____ DATA SUPPLIED

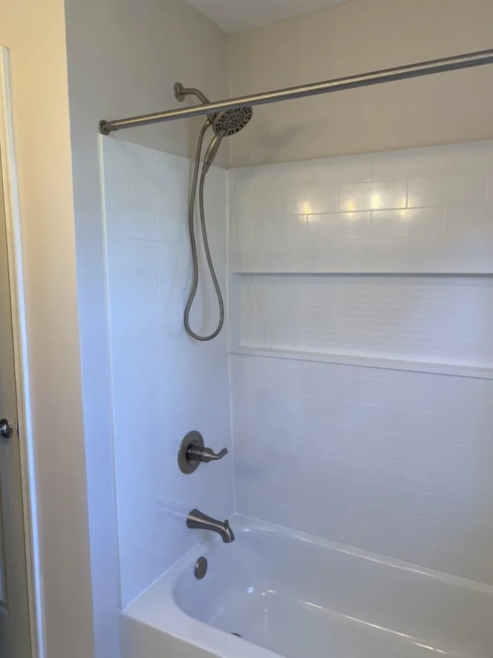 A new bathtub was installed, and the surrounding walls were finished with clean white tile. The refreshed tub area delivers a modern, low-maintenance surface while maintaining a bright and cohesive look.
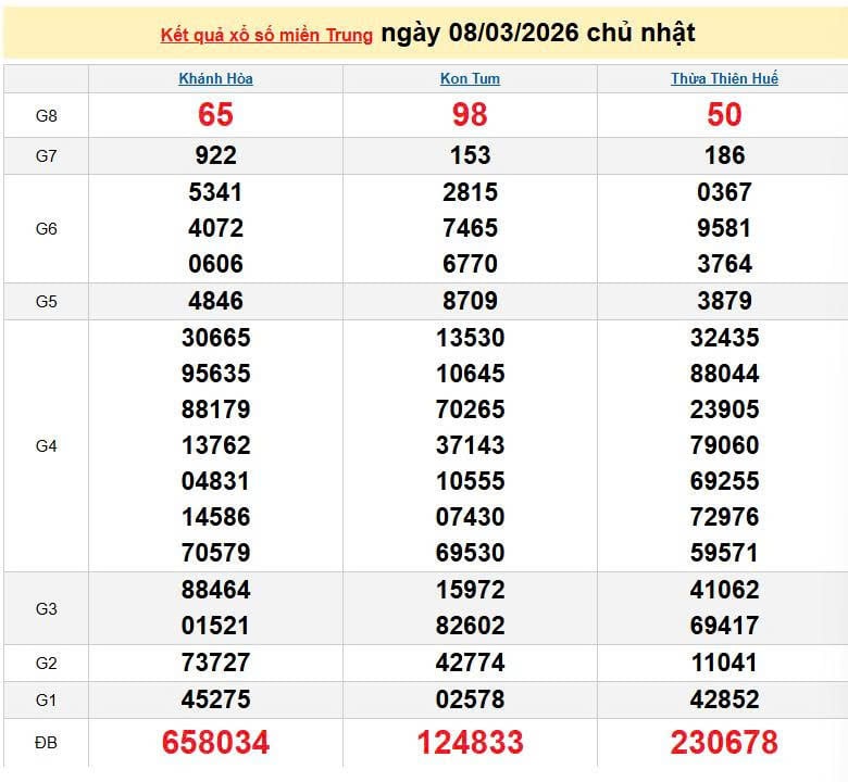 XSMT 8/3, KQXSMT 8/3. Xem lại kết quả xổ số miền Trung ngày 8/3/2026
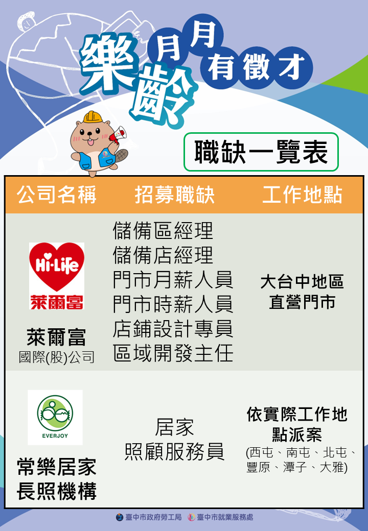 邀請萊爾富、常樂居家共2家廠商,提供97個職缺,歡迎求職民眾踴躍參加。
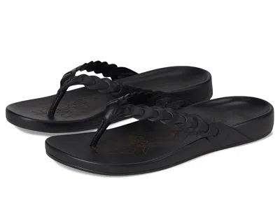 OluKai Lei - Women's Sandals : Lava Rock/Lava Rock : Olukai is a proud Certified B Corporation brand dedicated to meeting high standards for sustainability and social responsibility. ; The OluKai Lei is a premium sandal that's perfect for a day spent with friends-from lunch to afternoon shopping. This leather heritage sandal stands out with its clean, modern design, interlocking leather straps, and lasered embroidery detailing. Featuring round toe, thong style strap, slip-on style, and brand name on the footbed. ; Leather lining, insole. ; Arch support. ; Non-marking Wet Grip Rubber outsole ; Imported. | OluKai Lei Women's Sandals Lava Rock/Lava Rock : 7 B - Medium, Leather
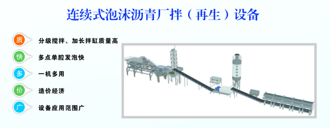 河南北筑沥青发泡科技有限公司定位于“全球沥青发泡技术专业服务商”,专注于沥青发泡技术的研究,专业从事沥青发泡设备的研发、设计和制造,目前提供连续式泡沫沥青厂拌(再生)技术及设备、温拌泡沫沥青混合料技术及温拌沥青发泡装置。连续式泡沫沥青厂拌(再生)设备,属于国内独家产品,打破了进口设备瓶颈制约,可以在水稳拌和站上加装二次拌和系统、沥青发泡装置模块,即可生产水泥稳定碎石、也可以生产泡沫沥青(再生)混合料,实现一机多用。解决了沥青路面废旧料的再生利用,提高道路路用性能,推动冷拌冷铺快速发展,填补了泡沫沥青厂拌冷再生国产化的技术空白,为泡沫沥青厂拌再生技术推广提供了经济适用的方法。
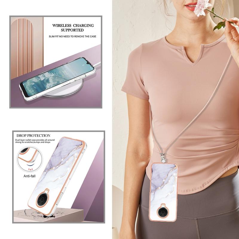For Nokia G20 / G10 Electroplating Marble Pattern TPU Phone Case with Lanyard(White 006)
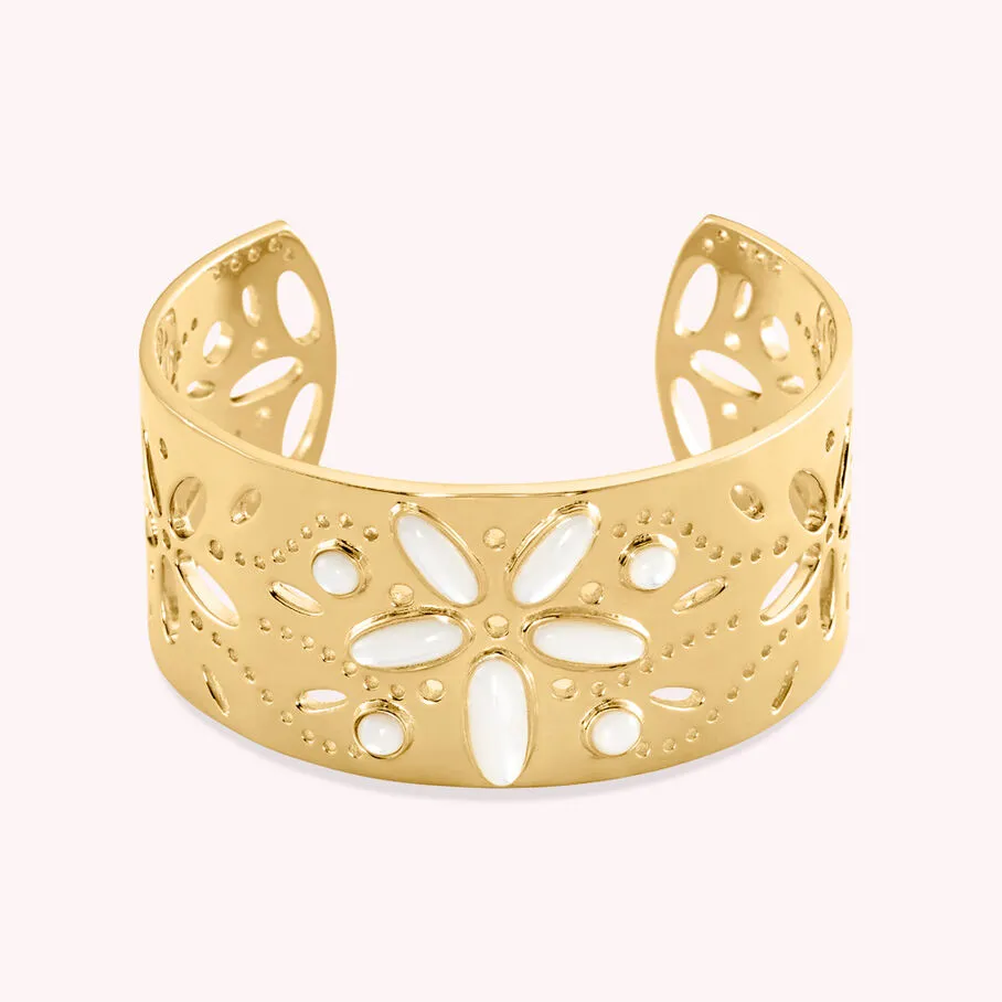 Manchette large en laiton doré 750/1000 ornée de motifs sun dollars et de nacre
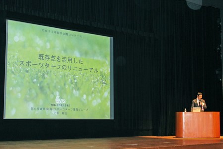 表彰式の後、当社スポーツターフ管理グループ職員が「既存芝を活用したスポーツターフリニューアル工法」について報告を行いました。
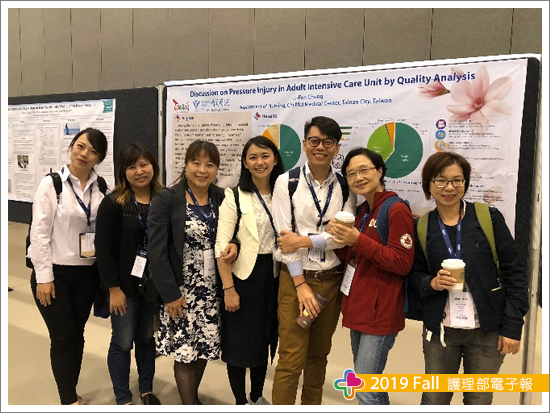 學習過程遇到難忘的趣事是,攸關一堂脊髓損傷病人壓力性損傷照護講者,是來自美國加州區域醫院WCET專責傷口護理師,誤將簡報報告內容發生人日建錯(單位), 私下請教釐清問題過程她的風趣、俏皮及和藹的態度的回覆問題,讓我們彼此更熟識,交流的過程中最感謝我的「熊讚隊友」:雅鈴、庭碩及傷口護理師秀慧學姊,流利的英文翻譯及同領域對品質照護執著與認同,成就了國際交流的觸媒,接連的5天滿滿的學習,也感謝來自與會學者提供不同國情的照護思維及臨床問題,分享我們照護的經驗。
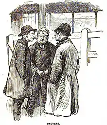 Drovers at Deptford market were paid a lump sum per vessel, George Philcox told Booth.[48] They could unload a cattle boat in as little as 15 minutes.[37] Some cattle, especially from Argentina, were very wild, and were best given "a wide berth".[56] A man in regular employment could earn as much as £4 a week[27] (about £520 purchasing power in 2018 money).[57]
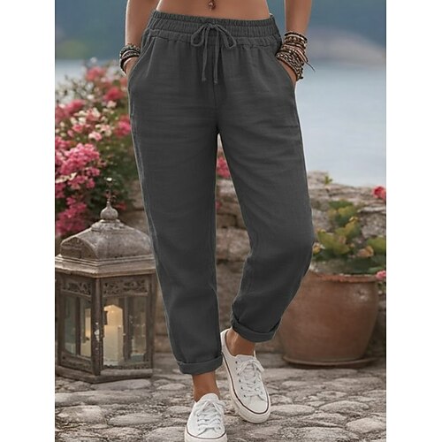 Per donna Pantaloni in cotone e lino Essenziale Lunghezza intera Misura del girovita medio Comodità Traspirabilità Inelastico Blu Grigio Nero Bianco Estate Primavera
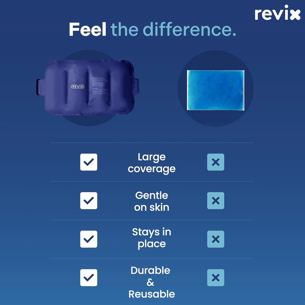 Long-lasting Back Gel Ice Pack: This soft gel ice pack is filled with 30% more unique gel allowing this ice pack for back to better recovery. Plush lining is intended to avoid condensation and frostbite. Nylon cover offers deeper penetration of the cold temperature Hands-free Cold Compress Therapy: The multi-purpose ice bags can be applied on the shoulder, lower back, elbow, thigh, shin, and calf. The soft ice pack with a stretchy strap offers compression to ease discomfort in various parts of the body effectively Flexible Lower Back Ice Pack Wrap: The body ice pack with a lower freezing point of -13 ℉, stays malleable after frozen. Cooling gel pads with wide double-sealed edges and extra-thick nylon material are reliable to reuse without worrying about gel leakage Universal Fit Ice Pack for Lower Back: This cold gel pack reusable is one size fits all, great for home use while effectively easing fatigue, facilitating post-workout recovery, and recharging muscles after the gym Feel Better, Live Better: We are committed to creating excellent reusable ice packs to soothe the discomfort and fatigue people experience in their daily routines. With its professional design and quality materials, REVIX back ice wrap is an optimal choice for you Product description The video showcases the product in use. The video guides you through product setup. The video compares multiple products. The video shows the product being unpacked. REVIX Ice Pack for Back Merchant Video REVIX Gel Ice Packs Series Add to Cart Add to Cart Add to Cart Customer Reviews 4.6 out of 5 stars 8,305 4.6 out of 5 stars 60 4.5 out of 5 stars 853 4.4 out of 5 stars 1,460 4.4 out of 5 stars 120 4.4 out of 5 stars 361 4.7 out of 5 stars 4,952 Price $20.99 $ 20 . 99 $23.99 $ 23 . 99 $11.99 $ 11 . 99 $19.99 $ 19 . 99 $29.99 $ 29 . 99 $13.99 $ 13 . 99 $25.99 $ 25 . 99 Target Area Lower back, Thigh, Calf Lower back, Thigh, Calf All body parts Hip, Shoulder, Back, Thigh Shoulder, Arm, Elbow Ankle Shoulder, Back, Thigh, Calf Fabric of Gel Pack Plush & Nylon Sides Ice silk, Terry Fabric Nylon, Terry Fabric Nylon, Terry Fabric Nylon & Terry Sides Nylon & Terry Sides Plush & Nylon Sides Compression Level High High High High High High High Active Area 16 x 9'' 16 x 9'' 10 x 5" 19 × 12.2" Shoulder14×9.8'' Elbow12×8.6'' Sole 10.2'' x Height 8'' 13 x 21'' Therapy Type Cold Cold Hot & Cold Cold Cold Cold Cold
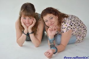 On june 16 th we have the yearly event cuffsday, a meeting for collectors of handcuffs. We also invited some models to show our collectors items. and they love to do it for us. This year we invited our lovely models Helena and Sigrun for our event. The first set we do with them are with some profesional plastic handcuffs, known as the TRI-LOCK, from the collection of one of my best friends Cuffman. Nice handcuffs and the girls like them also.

________

REQUIRED WORK —
Beginning with the first line of the entries above, repeat each line word for word until the line with "表彰式の後、当社スポーツター" has been given too. Omit the pictures.

PROBLEM SOLUTION —
 A new bathtub was installed, and the surrounding walls were finished with clean white tile. The refreshed tub area delivers a modern, low-maintenance surface while maintaining a bright and cohesive look.
 XSMT 8/3, KQXSMT 8/3. Xem lại kết quả xổ số miền Trung ngày 8/3/2026
 邀請萊爾富、常樂居家共2家廠商,提供97個職缺,歡迎求職民眾踴躍參加。
 OluKai Lei - Women's Sandals : Lava Rock/Lava Rock : Olukai is a proud Certified B Corporation brand dedicated to meeting high standards for sustainability and social responsibility. ; The OluKai Lei is a premium sandal that's perfect for a day spent with friends-from lunch to afternoon shopping. This leather heritage sandal stands out with its clean, modern design, interlocking leather straps, and lasered embroidery detailing. Featuring round toe, thong style strap, slip-on style, and brand name on the footbed. ; Leather lining, insole. ; Arch support. ; Non-marking Wet Grip Rubber outsole ; Imported. | OluKai Lei Women's Sandals Lava Rock/Lava Rock : 7 B - Medium, Leather
 河南北筑沥青发泡科技有限公司定位于“全球沥青发泡技术专业服务商”,专注于沥青发泡技术的研究,专业从事沥青发泡设备的研发、设计和制造,目前提供连续式泡沫沥青厂拌(再生)技术及设备、温拌泡沫沥青混合料技术及温拌沥青发泡装置。连续式泡沫沥青厂拌(再生)设备,属于国内独家产品,打破了进口设备瓶颈制约,可以在水稳拌和站上加装二次拌和系统、沥青发泡装置模块,即可生产水泥稳定碎石、也可以生产泡沫沥青(再生)混合料,实现一机多用。解决了沥青路面废旧料的再生利用,提高道路路用性能,推动冷拌冷铺快速发展,填补了泡沫沥青厂拌冷再生国产化的技术空白,为泡沫沥青厂拌再生技术推广提供了经济适用的方法。
For Nokia G20 / G10 Electroplating Marble Pattern TPU Phone Case with Lanyard(White 006)
 Manchette large en laiton doré 750/1000 ornée de motifs sun dollars et de nacre
 表彰式の後、当社スポーツターフ管理グループ職員が「既存芝を活用したスポーツターフリニューアル工法」について報告を行いました。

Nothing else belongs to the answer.